Arro scrambles to his feet. They both look down at the jaguar sprawled on its belly purring like a kitten. “What did you do?” he asks. He grabs his bleeding arm with his good hand and kicks at the beast, which continues to snooze away.
“I don’t know,” Elda answers. “But let’s get out of here.”
The two turn and make a run for the Life Root, shouting the whole way, so that Uncle Drake will know where they are. They stop only briefly so Elda can gather up Arro’s spear and pack, and then they push onward through the foliage until they make it back to the path. In a short span of time, they both plant their feet firmly on the bark of the Life Root and begin the climb up the hill-like landform. After a few moments of climbing, Elda looks back down and spots their uncle hurrying to catch up to them. He reaches the Life Root without incident and scrambles up after them. “Thank the Saints you’re both alive. Are you two unhurt?” he calls once he is safely on the Life Root. Auma follows right behind him, her orange tail flicking in the bright morning sunlight.

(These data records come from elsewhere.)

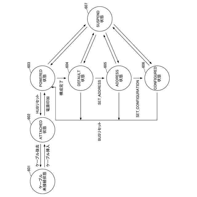 第1の実施形態に係る通USBデバイスの状態遷移の例を示す図である。
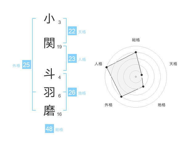 小関 斗羽磨さんを姓名の画数から五運を鑑定
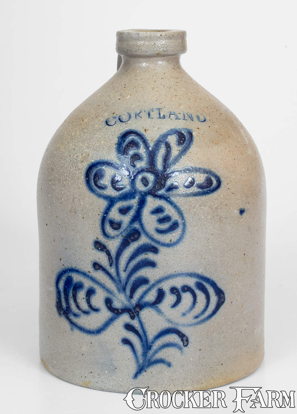 CORTLAND, New York Stoneware Jug with Slip-Trailed Floral Decoration
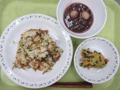 豚肉とごぼうのごはん 牛乳 きのこ入り煮浸し 白玉しるこ
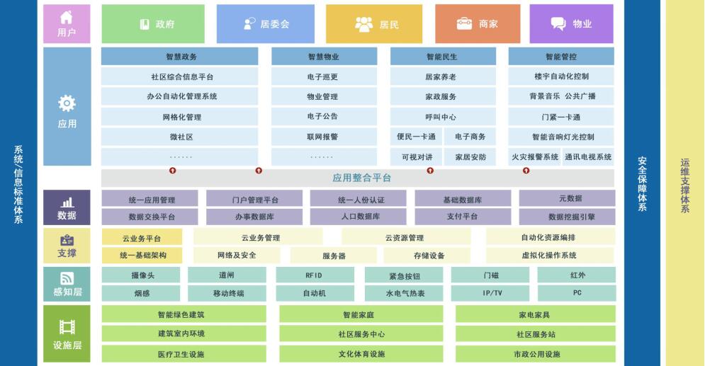 智慧社區(qū)項(xiàng)目從業(yè)務(wù)需求及基本現(xiàn)狀來講,都要考慮實(shí)際的應(yīng)用和未來發(fā)展,既能滿足目前業(yè)務(wù)需要,又能適應(yīng)未來技術(shù)的發(fā)展的需求。因此,在項(xiàng)目的頂層設(shè)計(jì)中,除了保證系統(tǒng)建設(shè)的安全性、實(shí)用性、拓展性等,還要遵循集中管控、分散管理的建設(shè)原則,堅(jiān)守智慧社區(qū)的建設(shè)特色。所謂的集中管控是指:項(xiàng)目遵循“一體化”的原則進(jìn)行設(shè)計(jì),采用一個(gè)統(tǒng)一的數(shù)據(jù)平臺(tái)、統(tǒng)一的管理使用平臺(tái)、統(tǒng)一的終端基礎(chǔ)軟硬件平臺(tái)、統(tǒng)一的卡片規(guī)劃平臺(tái),這樣街道辦事處在總體項(xiàng)目上投資小、售后服務(wù)成本低、升級(jí)容易、管理簡單。更為重要的是一體化的架構(gòu)使得系統(tǒng)平臺(tái)結(jié)構(gòu)關(guān)系變?yōu)楹唵危鱾€(gè)應(yīng)用子系統(tǒng)可以在同一個(gè)平臺(tái)上進(jìn)行操作,降低了應(yīng)用系統(tǒng)的擴(kuò)展和實(shí)施的難度。所謂的分散管理是指:完全支持一個(gè)街道辦事處、多個(gè)社區(qū),一個(gè)服務(wù)端、多個(gè)終端,一個(gè)平臺(tái)、多個(gè)用戶的管理模式,讓管理不再受地域和空間限制。

“A Melder’s Beast mangled by arm, but Elda rescued me,” Arro says as he gives his younger sister a one-armed hug with his good arm. “She was brilliant.”
Elda’s cheeks burn. “I broke my staff and lost my bag, but other than a few scratches and scrapes, I’m unharmed.” She hugs Arro back, letting out a deep sigh. That whole encounter could have ended much worse. Now that it’s behind her, she can’t help but sag against her brother. The sun peeks over the horizon and the mist recedes back into the shadowy forest below them. Holy sap it’s good to still be alive, she thinks, and a toothy smile spreads over her face.